New Jersey State Police moved into positions around the Delaney Hall immigration detention center on Friday, establishing designated protest zones and vehicle checkpoints after days of clashes between demonstrators and federal immigration enforcement officers.
Governor Mikie Sherrill, a Democrat, announced the deployment at a news conference, saying the situation had become too volatile to leave to ICE agents. “It has grown unsafe, and that’s completely unacceptable,” Sherrill said. “We need to take this opportunity to lower the temperature.”
As state police erected barriers, ICE agents who had been forming a line in front of the protesters withdrew behind the facility’s perimeter fence. Lt. Col.

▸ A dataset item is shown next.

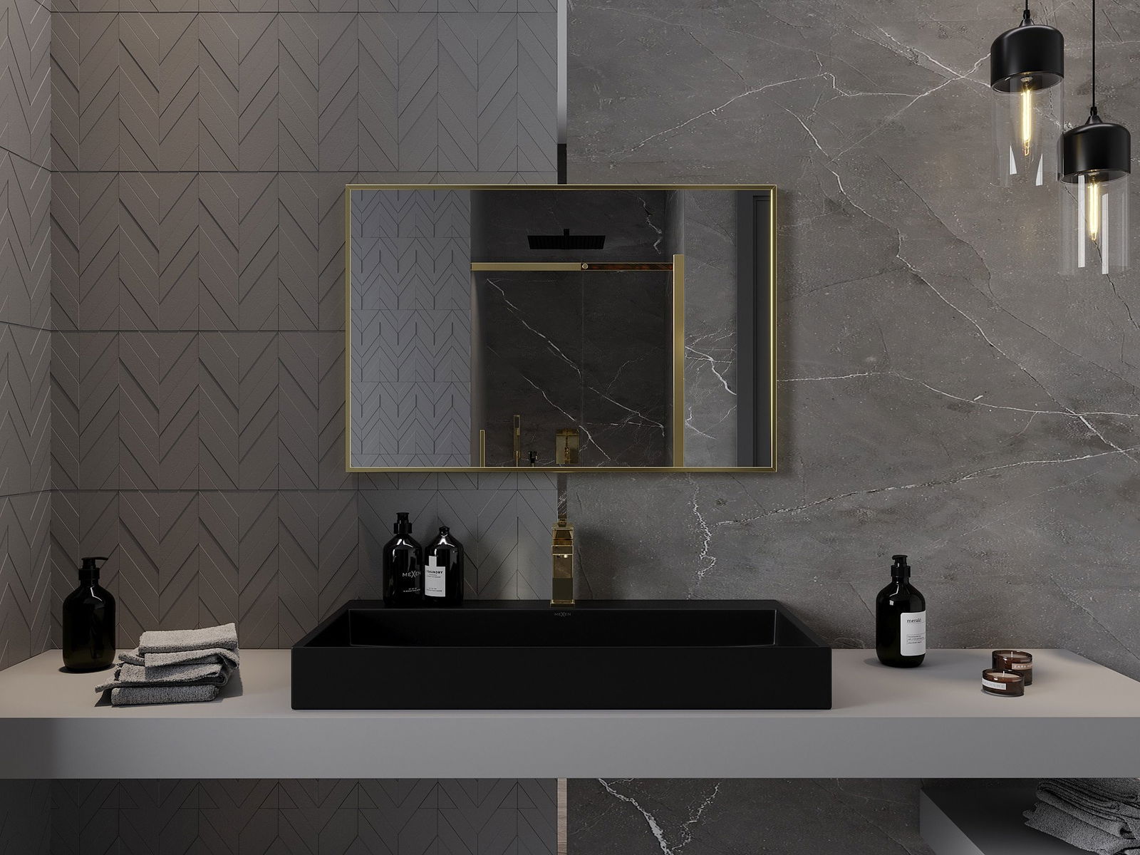 Mexen Loft obdĺžnikové kúpeľňové zrkadlo 90 x 60 cm, zlatý rám - 9852-090-060-000-50

David Sierotowicz, a state police spokesperson, said ICE officers agreed to stand down and allow state troopers to assume responsibility for security outside the center.
The protests at Delaney Hall have drawn crowds daily, with tensions heightening after nightfall. The demonstrators have been calling attention to conditions inside the facility and to the Trump administration’s broader immigration crackdown. The governor’s intervention comes after several nights where clashes between protesters and ICE agents escalated, leading to arrests and injuries.
Sherrill’s deployment of state police marks a shift in the state-federal dynamic at the facility, which is operated by ICE under contract with a private prison company. The move underscores the growing friction between Democratic-led states and the Trump administration over immigration enforcement and the conditions of detention.